The transform may transform the residual information to four surfaces. For example, the transform may produce the following components or transformed coefficients: average, vertical, horizontal and diagonal. A particular surface may comprise all the values for a particular component, e.g. a first surface may comprise all the average values, a second all the vertical values and so on. As alluded to earlier in this disclosure, these components that are output by the transform may be taken as the data to be quantized. The transformation may comprise a Hadamard transformation as discussed above. In comparative examples, the average component may be adjusted using a predicted average; in the present examples, the predict average adjustment is not applied explicitly but is applied implicitly using an adjusted upsampling filter. As such, in the later described examples, the benefits of the predicted average are provided without the additional predicted average computations (e.g., as if a predicted average mode is off). A quantization scheme may be useful to create the residual signals into quanta, so that certain variables can assume only certain discrete magnitudes. Entropy encoding in this example may comprise run length encoding (RLE), then processing the encoded output is processed using a Huffman encoder. In certain cases, only one of these schemes may be used when entropy encoding is desirable.
In summary, the methods and apparatuses herein are based on an overall approach which is built over an existing encoding and/or decoding algorithm (such as MPEG standards such as AVC/H.264, HEVC/H.265, etc. as well as non-standard algorithm such as VP9, AV1, and others) which works as a baseline for an enhancement layer which works accordingly to a different encoding and/or decoding approach. The idea behind the overall approach of the examples is to hierarchically encode/decode the video frame as opposed to the use block-based approaches as used in the MPEG family of algorithms. Hierarchically encoding a frame includes generating residuals for the full frame, and then a decimated frame and so on.

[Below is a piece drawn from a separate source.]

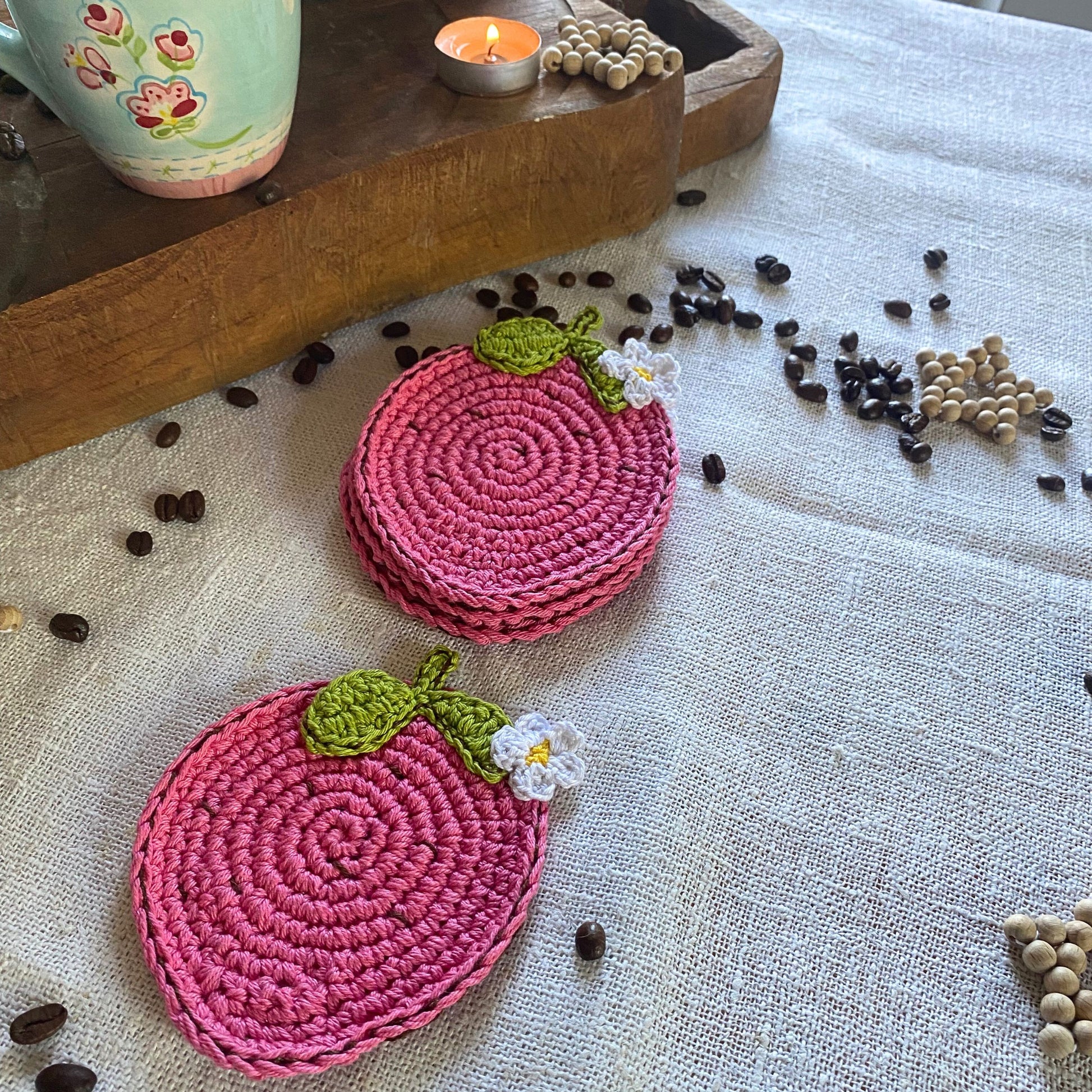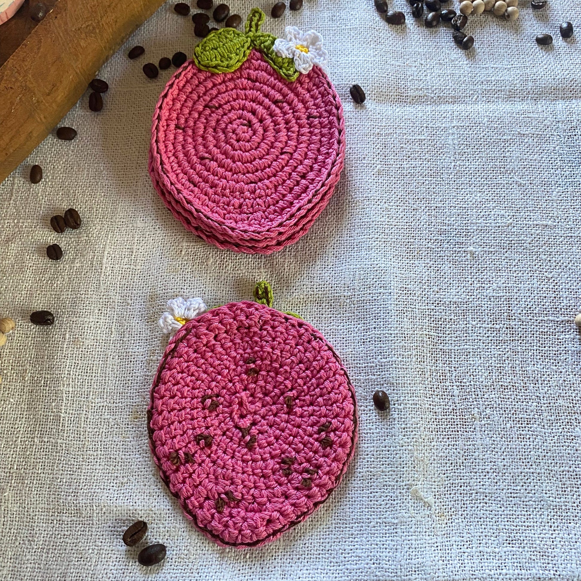 The pink strawberry coasters are crocheted from 100% cotton yarn.

As indicated above, the processes may be applied in parallel to coding units or blocks of a colour component of a frame as there are no inter-block dependencies. The encoding of each colour component within a set of colour components may also be performed in parallel (e.g., such that the operations are duplicated according to (number of frames)*(number of colour components)*(number of coding units per frame)). It should also be noted that different colour components may have a different number of coding units per frame, e.g. a luma (e.g., Y) component may be processed at a higher resolution than a set of chroma (e.g., U or V) components as human vision may detect lightness changes more than colour changes.

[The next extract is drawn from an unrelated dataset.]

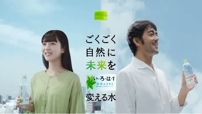 新CMでは、「い・ろ・は・す」の新しいブランドテーマである、「ごくごく自然に未来を変える水」を伝えています。

Thus, as illustrated and described above, the output of the decoding process is an (optional) base reconstruction, and an original signal reconstruction at a higher level. This example is particularly well-suited to creating encoded and decoded video at different frame resolutions. For example, the input signal 30 may be an HD video signal comprising frames at 1920×1080 resolution. In certain cases, the base reconstruction and the level 2 reconstruction may both be used by a display device. For example, in cases of network traffic, the level 2 stream may be disrupted more than the level 1 and base streams (as it may contain up to 4× the amount of data where down-sampling reduces the dimensionality in each direction by 2). In this case, when traffic occurs the display device may revert to displaying the base reconstruction while the level 2 stream is disrupted (e.g., while a level 2 reconstruction is unavailable), and then return to displaying the level 2 reconstruction when network conditions improve. A similar approach may be applied when a decoding device suffers from resource constraints, e.g. a set-top box performing a systems update may have an operation base decoder 220 to output the base reconstruction but may not have processing capacity to compute the level 2 reconstruction.

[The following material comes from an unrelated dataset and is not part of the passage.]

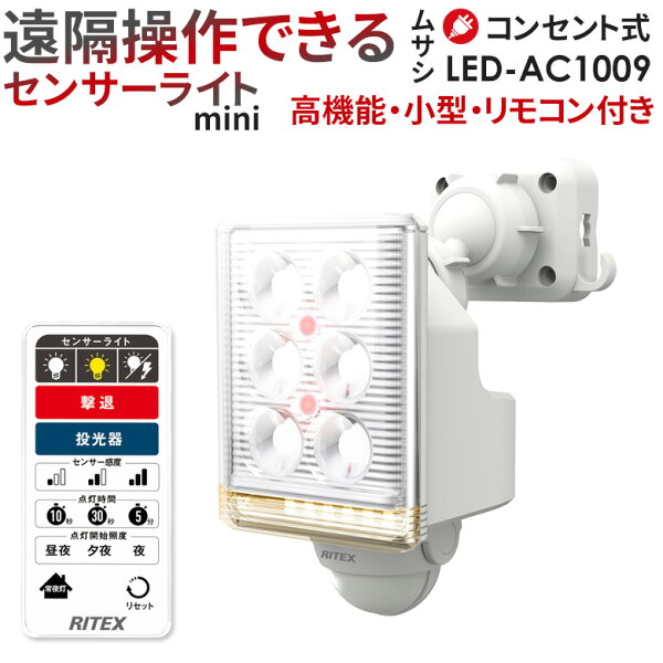 ≪ 商品詳細 ≫ < 仕様 > 【サイズ】高さ126×幅73×奥行141mm 【重量】590g(クランプ除く) 【付属品】リモコン・ボタン電池CR2025・取り付けネジ×2・コンクリート用プラスチックプラグ×2・クランプ台・蝶ナット・L型ボルト・ネジキャップ 【電球 ※1】 9W×1(高輝度白色LED設計寿命4万時間) 全光束…750ルーメン(白色)、300ルーメン(電球色) 【電源/電圧】AC100V 50Hz/60Hz 【消費電力】 点灯時…10W(白色光)、7W(暖色灯)、1.2W(常夜灯) 待機時…1W以下 【センサー】 探知方式…焦電型赤外線センサー 探知範囲…180° 最遠 12m(取り付け高さ2.5m) 【点灯時間設定】10秒/30秒/5分/10秒フラッシュ 【点灯切替機能】 昼…周囲が明るくても暗くても点灯(常夜灯なし) 夕…周囲が明るくても暗くても点灯 夜…周囲が暗い時のみ点灯 【電源コード長さ】3m 【クランプ取り付けサイズ】 厚み…最小15〜最大100mm パイプ径…最小30mm〜最大85mm 【設置場所】奥内・屋外用(防雨タイプ IP44) ※1 LED球は交換できません。

The encoding arrangement also enables video distributors to distribute video to a set of heterogeneous devices; those with just a base decoder 720 view the base reconstruction, whereas those with the enhancement level may view a higher-quality level 2 reconstruction. In comparative cases, two full video streams at separate resolutions were required to service both sets of devices. As the level 2 and level 1 enhancement streams encode residual data, the level 2 and level 1 enhancement streams may be more efficiently encoded, e.g. distributions of residual data typically have much of their mass around 0 (i.e. where there is no difference) and typically take on a small range of values about 0. This may be particularly the case following quantization. In contrast, full video streams at different resolutions will have different distributions with a non-zero mean or median that require a higher bit rate for transmission to the decoder.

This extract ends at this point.